The TypeOrmQueryBuilder is the query engine at the bottom of the Clean Architecture stack. It handles everything from basic pagination to complex multi-condition OR queries — all through URL parameters, all automatically validated against the entity schema before any SQL is executed.

You do not call TypeOrmQueryBuilder directly. It is invoked internally by BaseServiceOperations.findPaginated() when you call super.findPaginated(query) from a controller. Your job is to structure the URL correctly.


?limit=20&page=3
?offset=50&limit=10 # offset takes precedence over page when both are present

?sort=last_name:asc
?sort=created_at:desc,last_name:asc # Multi-column sort
?sort=order.created_at:asc # Nested relation sort (dot notation)

All sort field names are automatically validated against your entity schema. Sorting on a non-existent field returns 400 Bad Request — not a 500 database error.

# ✅ Valid
?sort=created_at:desc
?sort=name:asc,email:desc
# ❌ Invalid — returns 400
?sort=nonExistentField:asc
# Error: Invalid field 'nonExistentField'. Allowed fields are: [id, name, email, ...]

Use s for complex, nested queries. The value is a URL-encoded JSON object.

?s={"reference_number": "ORD-001"} # Exact match
?s={"total_amount": {">=": 500}} # Greater than or equal
?s={"name": {"like": "Acme"}} # ILIKE (case-insensitive)
?s={"status": {"in": ["pending", "processing"]}} # IN list
?s={"created_at": {"between": ["2024-01-01", "2024-12-31"]}} # Date range

Supported operators:

OperatorSQL equivalent
>MoreThan
>=MoreThanOrEqual
<LessThan
<=LessThanOrEqual
!=Not
likeILike (case-insensitive LIKE)
inIn
betweenBetween

Use filter for simple, flat conditions — ideal for building queries from UI filter forms. Format: filter=field||operator||value.
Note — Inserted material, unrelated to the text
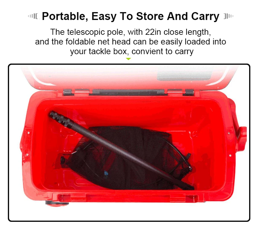 2. Fácil de almacenar y transportar, el poste telescópico, con 22 pulgadas de longitud cercana, y la cabeza de red plegable se puede cargar fácilmente en su caja de aparejos, conveniente para llevar
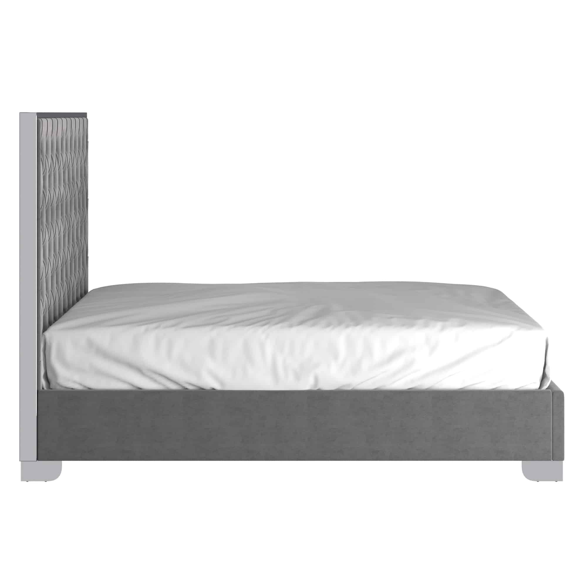 Bring a high-end look to your bedroom with this velvet and stainless steel upholstered bed. Everything from the button tufting on the plush upholstery to the polished metal legs screams style! Perfect for a master bedroom or to up the ante in the guest room.

?filter=status||$eq||active
?filter=name||$cont||acme # ILIKE contains
?filter=created_at||$gte||2024-01-01
?filter=status||$in||pending,processing
?filter=status||$eq||active&filter=category||$eq||premium # Multiple conditions (AND)
?filter[]=status||$eq||active&filter[]=category||$eq||premium # Array notation

Supported operators: $eq, $ne, $gt, $lt, $gte, $lte, $cont, $starts, $ends, $in, $notin, $isnull, $notnull, $between

When multiple filter parameters target the same field, they are combined with AND logic:

?filter=total_amount||$gt||100&filter=total_amount||$lt||500
# Generated: total_amount > 100 AND total_amount < 500

Prior to v1.0, only the last filter on a field was applied. This was a bug that caused silent range query failures. Both conditions are now always applied.
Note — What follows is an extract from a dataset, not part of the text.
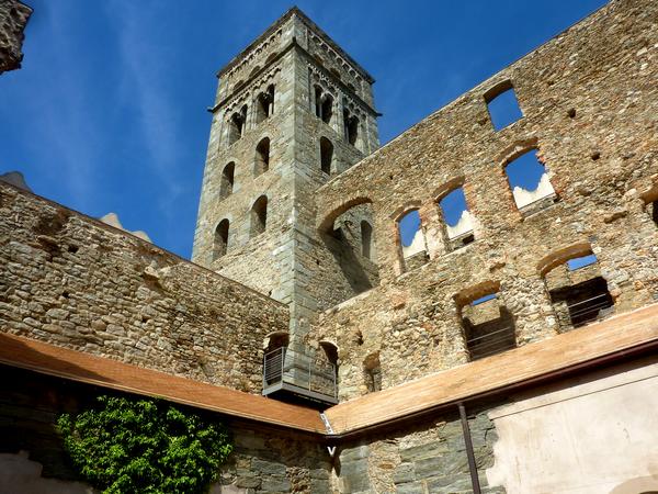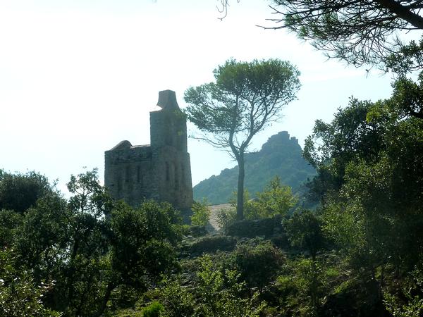 On fait une pause au pied de la Croix Blanche, on passe à l'aire de pique-nique du Mas Ventos, et après un arrêt pour admirer l'église Santa-Helena, on arrive au monastère de Sant Pere de Rodes. On retrouve Jacques qui est monté depuis El Port de la Selva et qui ayant fini la visite s'apprête à redescendre alors que nous prenons les billets pour entrer dans ce site très touristique. Nous prenons un bon moment pour la visite de ce monastère riche de son passé et de son architecture dont l'origine est de style roman, avec des chapiteaux d'influence corinthienne et un clocher carré du 12ème siècle d'influence lombarde.

?s={"created_at": {"between": ["2024-01-01", "2024-12-31"]}}
?s={"quantity": {"between": [1, 100]}}
?s={"scheduled_at": {"between": ["2024-01-01T00:00:00", "2024-01-31T23:59:59"]}}
?filter=created_at||$between||2024-01-01,2024-12-31
?filter=quantity||$between||1,100

When you provide date-only values (YYYY-MM-DD) for datetime columns, the system automatically expands them to cover the full day:

Input:

?s={"scheduled_at": {"between": ["2024-01-15", "2024-01-20"]}}

Internally expanded to:

{
"scheduled_at": {
"between": ["2024-01-15T00:00:00+00:00", "2024-01-20T23:59:59.999+00:00"]
}
}

This ensures “all records on January 15th” actually includes records throughout that day, not just at midnight.


Both methods can be combined in a single request — they are merged with AND logic:

?s={"total_amount":{">=":500}}&filter=status||$eq||active&filter=category||$in||premium,enterprise

All three conditions must be satisfied for a record to appear.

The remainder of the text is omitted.